-- INFORMATION SUPPLIED follows --

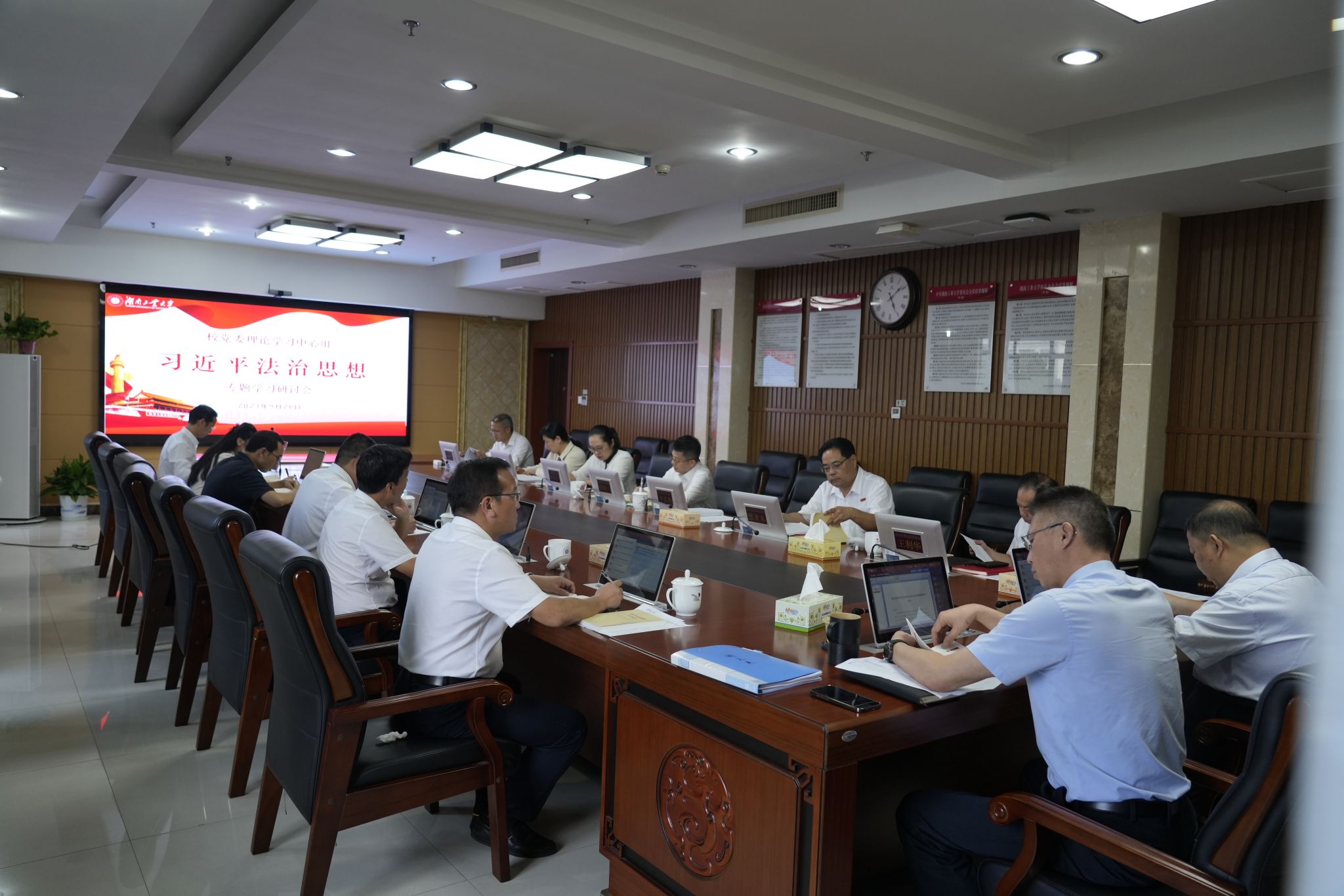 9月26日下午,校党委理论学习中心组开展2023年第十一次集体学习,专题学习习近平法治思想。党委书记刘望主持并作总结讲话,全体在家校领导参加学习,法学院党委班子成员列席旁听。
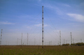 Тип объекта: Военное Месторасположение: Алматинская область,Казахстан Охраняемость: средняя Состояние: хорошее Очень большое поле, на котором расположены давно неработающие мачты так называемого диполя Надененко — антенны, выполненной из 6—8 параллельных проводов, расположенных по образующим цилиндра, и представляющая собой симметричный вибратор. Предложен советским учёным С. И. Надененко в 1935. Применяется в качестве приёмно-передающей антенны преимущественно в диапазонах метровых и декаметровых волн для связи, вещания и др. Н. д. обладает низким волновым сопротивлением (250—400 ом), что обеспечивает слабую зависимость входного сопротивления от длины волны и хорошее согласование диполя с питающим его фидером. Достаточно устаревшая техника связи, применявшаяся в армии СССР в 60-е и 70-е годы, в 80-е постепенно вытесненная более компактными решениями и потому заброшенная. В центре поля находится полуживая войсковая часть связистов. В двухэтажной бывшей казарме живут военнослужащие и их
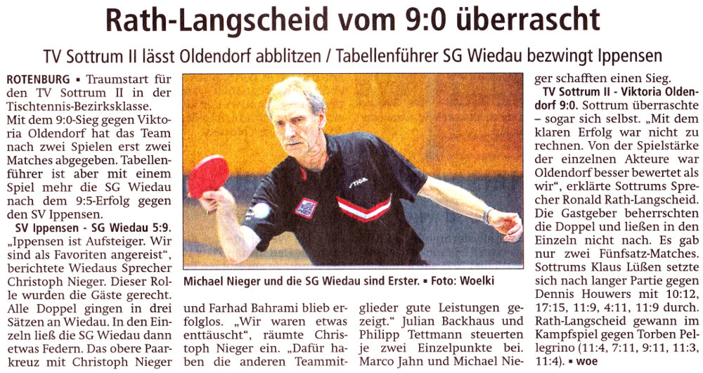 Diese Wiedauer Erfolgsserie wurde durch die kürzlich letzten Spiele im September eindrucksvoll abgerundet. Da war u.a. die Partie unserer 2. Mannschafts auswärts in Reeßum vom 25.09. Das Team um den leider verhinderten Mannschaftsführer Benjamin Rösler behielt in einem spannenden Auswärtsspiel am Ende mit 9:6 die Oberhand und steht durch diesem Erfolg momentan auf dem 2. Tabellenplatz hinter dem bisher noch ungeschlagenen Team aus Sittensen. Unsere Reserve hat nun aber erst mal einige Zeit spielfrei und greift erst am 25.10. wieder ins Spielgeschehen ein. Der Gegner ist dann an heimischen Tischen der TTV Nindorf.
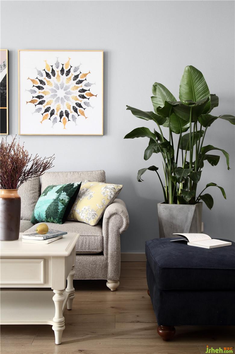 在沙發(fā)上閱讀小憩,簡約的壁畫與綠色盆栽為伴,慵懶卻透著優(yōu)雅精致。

-- INFORMATION SUPPLIED concluded --
-- INFORMATION SUPPLIED follows --

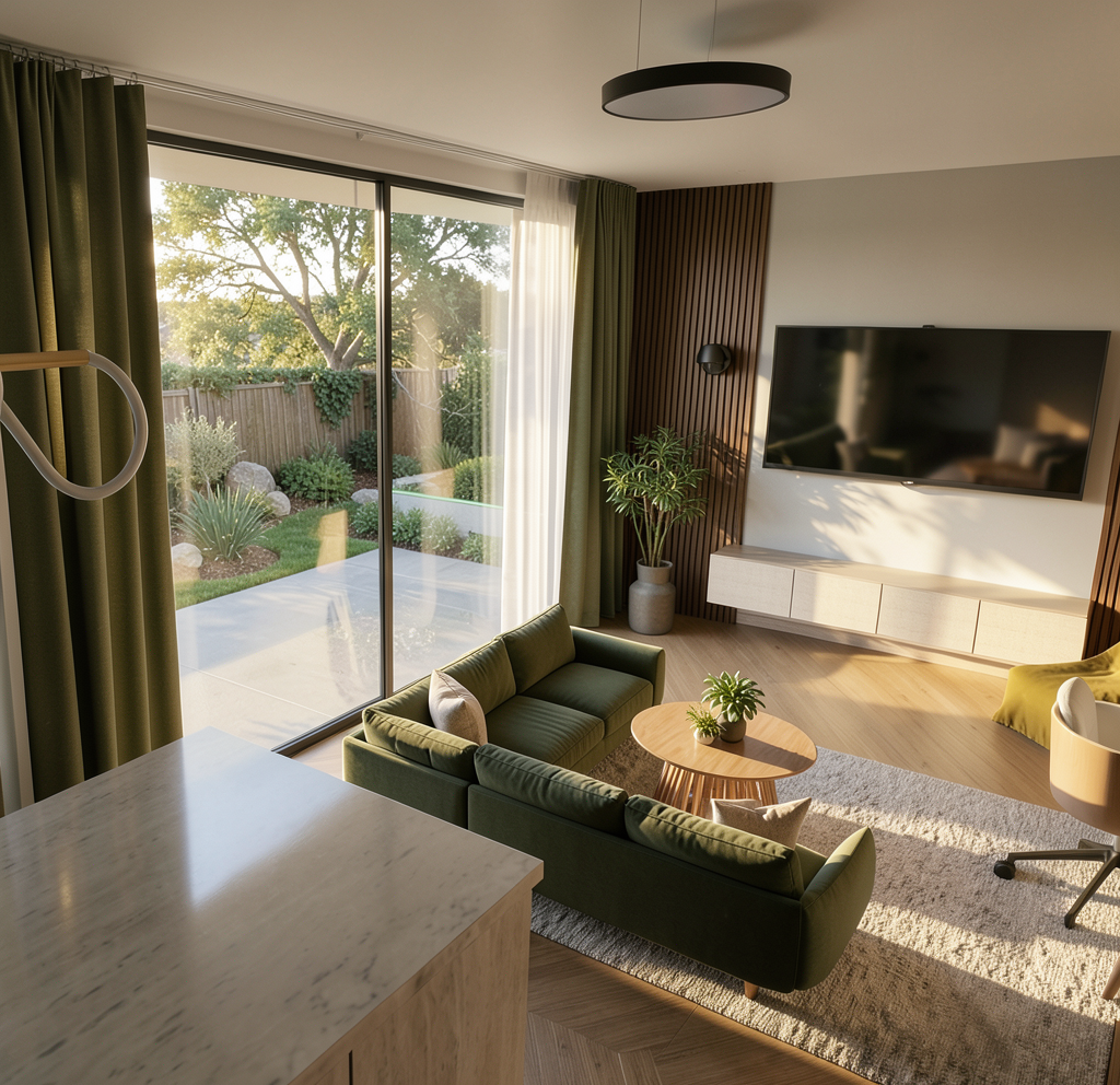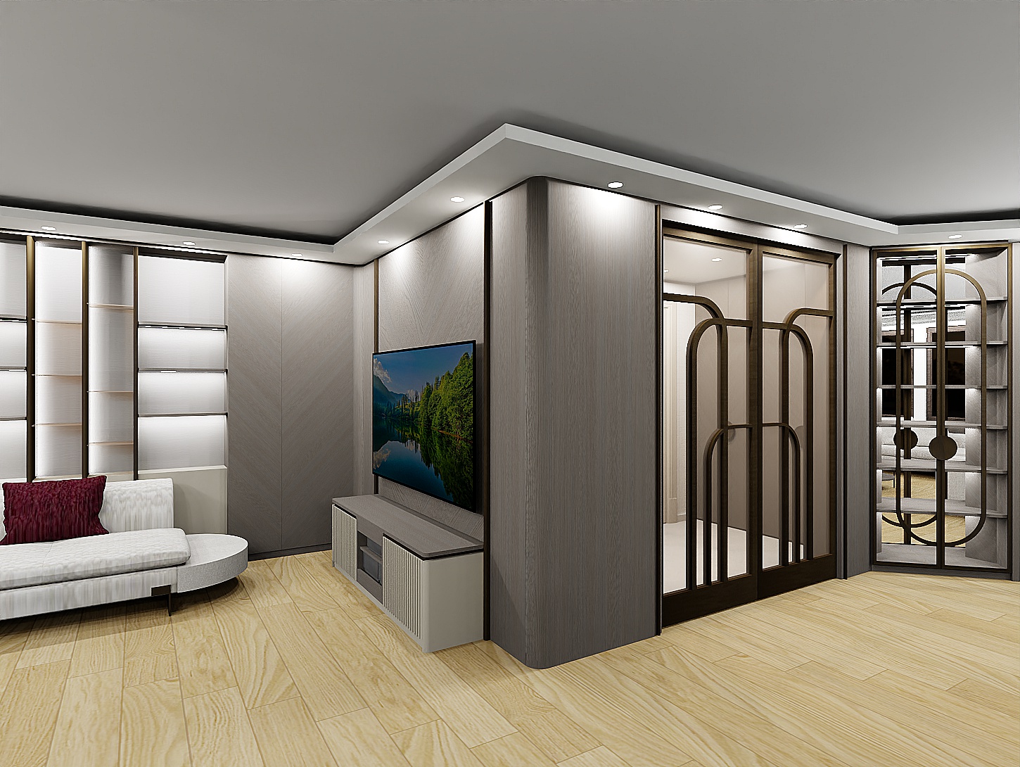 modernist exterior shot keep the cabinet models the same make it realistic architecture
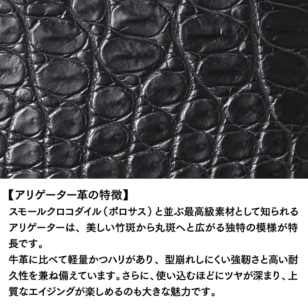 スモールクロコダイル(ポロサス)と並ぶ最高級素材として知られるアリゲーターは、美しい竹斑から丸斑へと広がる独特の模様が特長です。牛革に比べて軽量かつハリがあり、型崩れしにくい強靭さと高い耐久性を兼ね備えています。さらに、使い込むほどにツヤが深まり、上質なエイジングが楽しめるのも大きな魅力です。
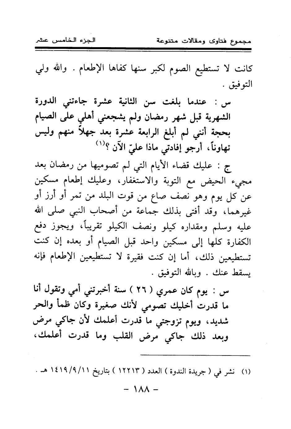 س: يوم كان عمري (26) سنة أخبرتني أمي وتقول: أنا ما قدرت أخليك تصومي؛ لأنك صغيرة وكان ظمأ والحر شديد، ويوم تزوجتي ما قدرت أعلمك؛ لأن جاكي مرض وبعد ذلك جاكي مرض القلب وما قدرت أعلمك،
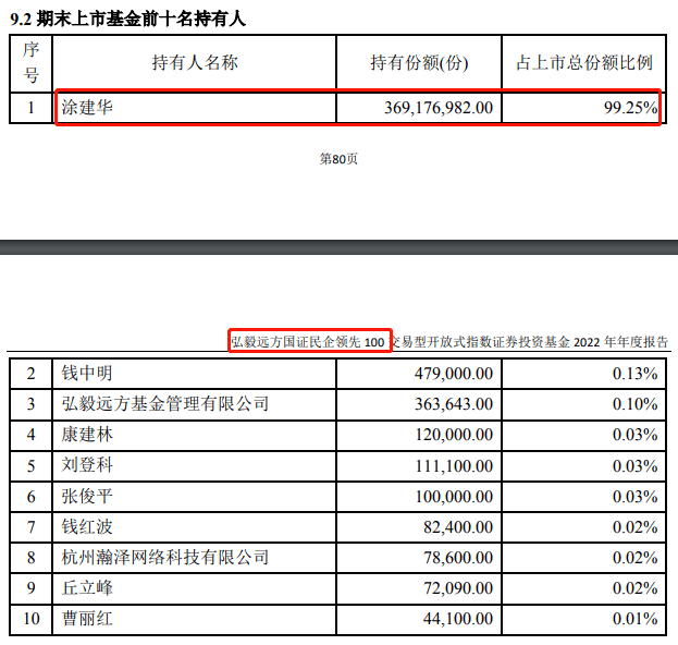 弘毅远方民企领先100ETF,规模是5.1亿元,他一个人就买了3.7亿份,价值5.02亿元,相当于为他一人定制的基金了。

-- INFORMATION SUPPLIED concluded --

§ **TASK OBJECTIVE**
Which part of the entries opens with the line containing "スモールクロコダイル(ポロサ" and closes with the line containing "弘毅远方民企领先100ETF"? Output that part exactly, ends included, pictures excluded.

§ **WRITTEN ANSWER**
 スモールクロコダイル(ポロサス)と並ぶ最高級素材として知られるアリゲーターは、美しい竹斑から丸斑へと広がる独特の模様が特長です。牛革に比べて軽量かつハリがあり、型崩れしにくい強靭さと高い耐久性を兼ね備えています。さらに、使い込むほどにツヤが深まり、上質なエイジングが楽しめるのも大きな魅力です。
 س: يوم كان عمري (26) سنة أخبرتني أمي وتقول: أنا ما قدرت أخليك تصومي؛ لأنك صغيرة وكان ظمأ والحر شديد، ويوم تزوجتي ما قدرت أعلمك؛ لأن جاكي مرض وبعد ذلك جاكي مرض القلب وما قدرت أعلمك،
 弘毅远方民企领先100ETF,规模是5.1亿元,他一个人就买了3.7亿份,价值5.02亿元,相当于为他一人定制的基金了。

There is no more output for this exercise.